Published online by Cambridge University Press: 25 July 2009
The terrorist attacks of 11 September 2001 have resulted in the expansion of anti-terrorism laws throughout the globe. The international and domestic reaction to these attacks constitute a type of horrible natural experiment in the migration of constitutional and anti-constitutional ideas. In this chapter, I will attempt to provide insight into the complexity of the migration of constitutional ideas with respect to anti-terrorism laws by examining the influence of the definition of terrorism in Britain's Terrorism Act 2000 on the post-9/11 development of anti-terrorism laws in Australia, Canada, Hong Kong, Indonesia, South Africa, and the United States, as well as the role that domestic law, politics, and history played in producing variations in the definition of terrorism in each country.

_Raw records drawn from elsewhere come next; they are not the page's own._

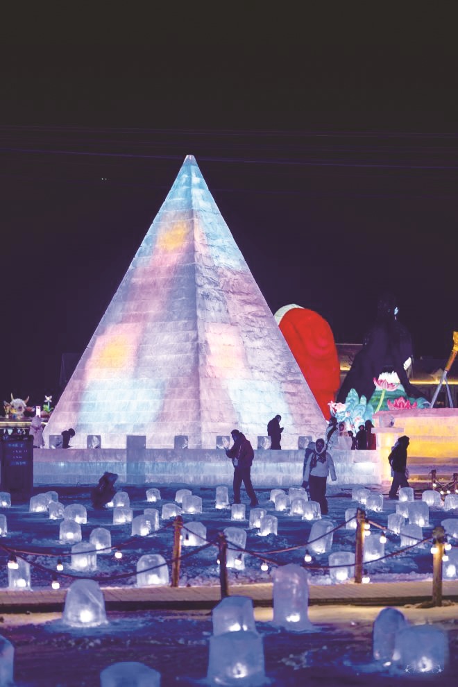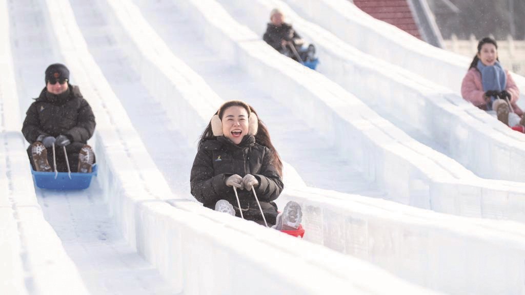 ▲人们在呼和浩特第五届欢乐冰雪节上游玩(2025年12月31日摄)。(连振 /摄)
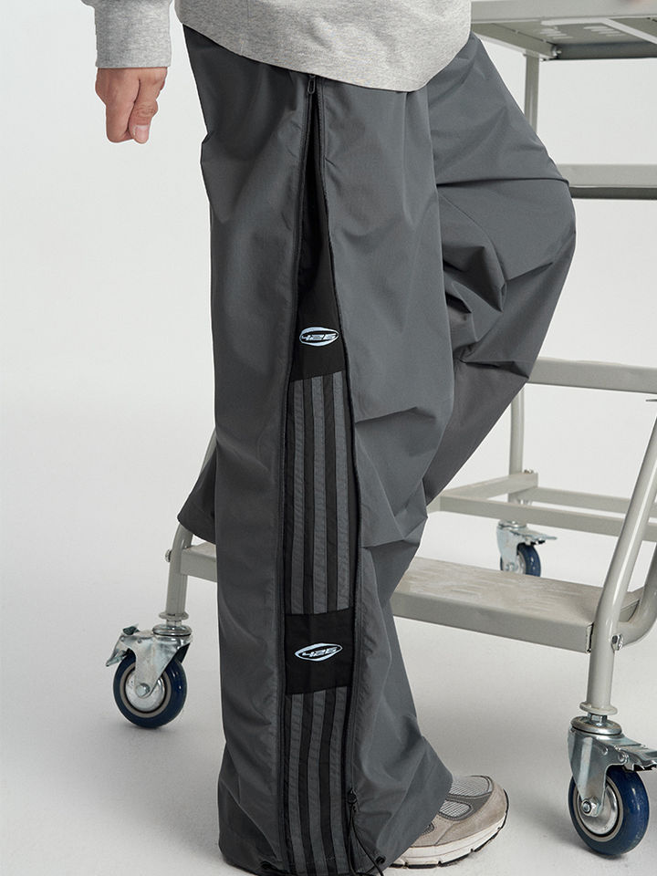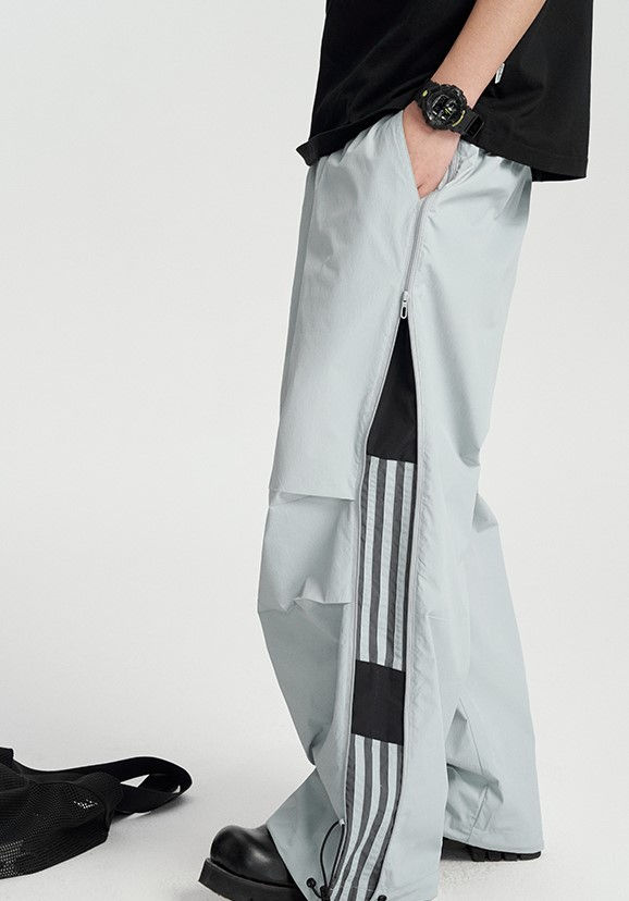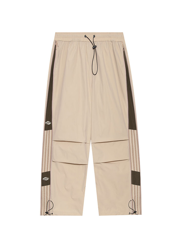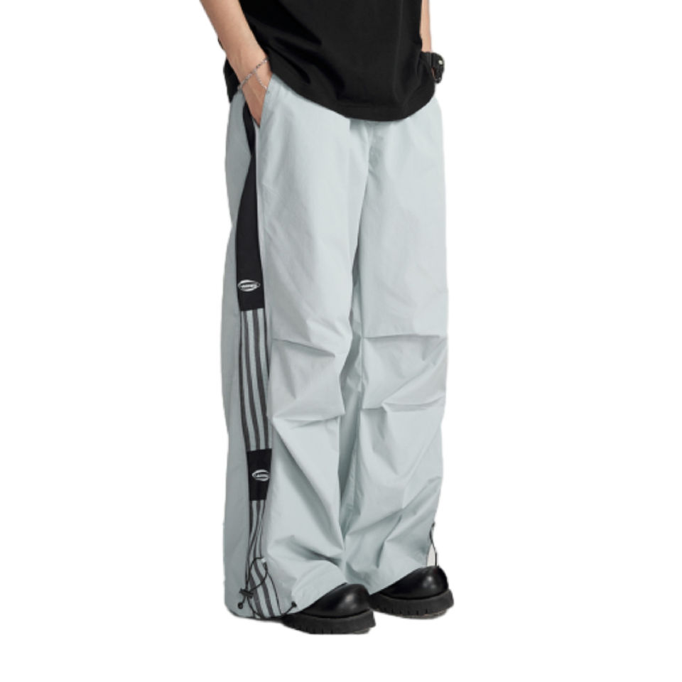 Unisex Nylon Cargo Pants Loose Fit Drawstring Waist Side Zip Pockets Jogger Style Casual Streetwear Trousers
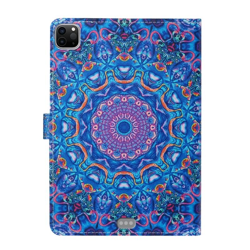 Θήκη tablet από δέρμα TPU με οριζόντιο άνοιγμα για iPad 11 Pro (2020) με ζωγραφισμένο σχέδιο λουλουδιών και τοτέμ, γραμμές και βάση στήριξης, θήκη για κάρτες και λειτουργία αυτόματης αφύπνισης/ύπνου (Μπλε)
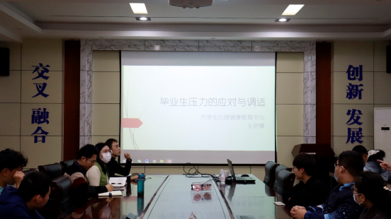 为了缓解毕业生压力,建立良好心态,11月16日下午,我校大学生心理健康教育中心专职心理健康教师孔恺臻应邀于J2-434会议室成功举办“毕业生压力应对与调适”讲座。讲座由学院团委李坤老师主持。
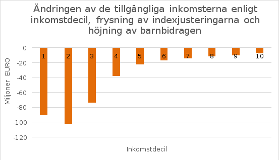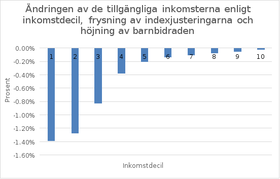 Förslaget om att låta bli att göra indexjusteringar gäller sådana barn och barnfamiljer där föräldrarna får förmåner som omfattas av propositionen. Propositionen har således konsekvenser också för barnens försörjning. Den sänkning av den reella nivån på primära förmåner som orsakas av uteblivna indexjusteringar kompenseras delvis av de föreslagna höjningarna av barnbidraget. Alla barnfamiljer får emellertid inte höjningar av barnbidraget och behovet av utkomststöd kan öka i vissa familjer. Trots ändringen som gäller frysning av indexjusteringar omfattas barn fortfarande av de förmåner och tjänster som avses i 19 § 2 och 3 mom. i grundlagen. Det bör dessutom konstateras att på grund av barnbidragets universella karaktär omfattar höjningen alla barnfamiljer på lika villkor, också de som inte berörs av uteblivna indexjusteringar. När det gäller barn i dessa familjer förbättrar höjningen av barnbidraget utkomsten och den ekonomiska ställningen.

As Kim Lane Scheppele argues in her contribution to this collection, international law, and in particular the UN Security Council Resolution 1373, helped shape the worldwide expansion of anti-terrorism laws after the 9/11 terrorist attacks. At the same time, as Professor Scheppele notes, Security Resolution 1373 made no attempt to define terrorism and a universal definition of terrorism has so far eluded the international community. A failure to define terrorism in international law allowed various local agendas to enter into the definition of terrorism. Although, as Professor Scheppele suggests, the local agenda sometimes helped produce more repressive laws, at other times, it restrained the new international mandate to combat terrorism.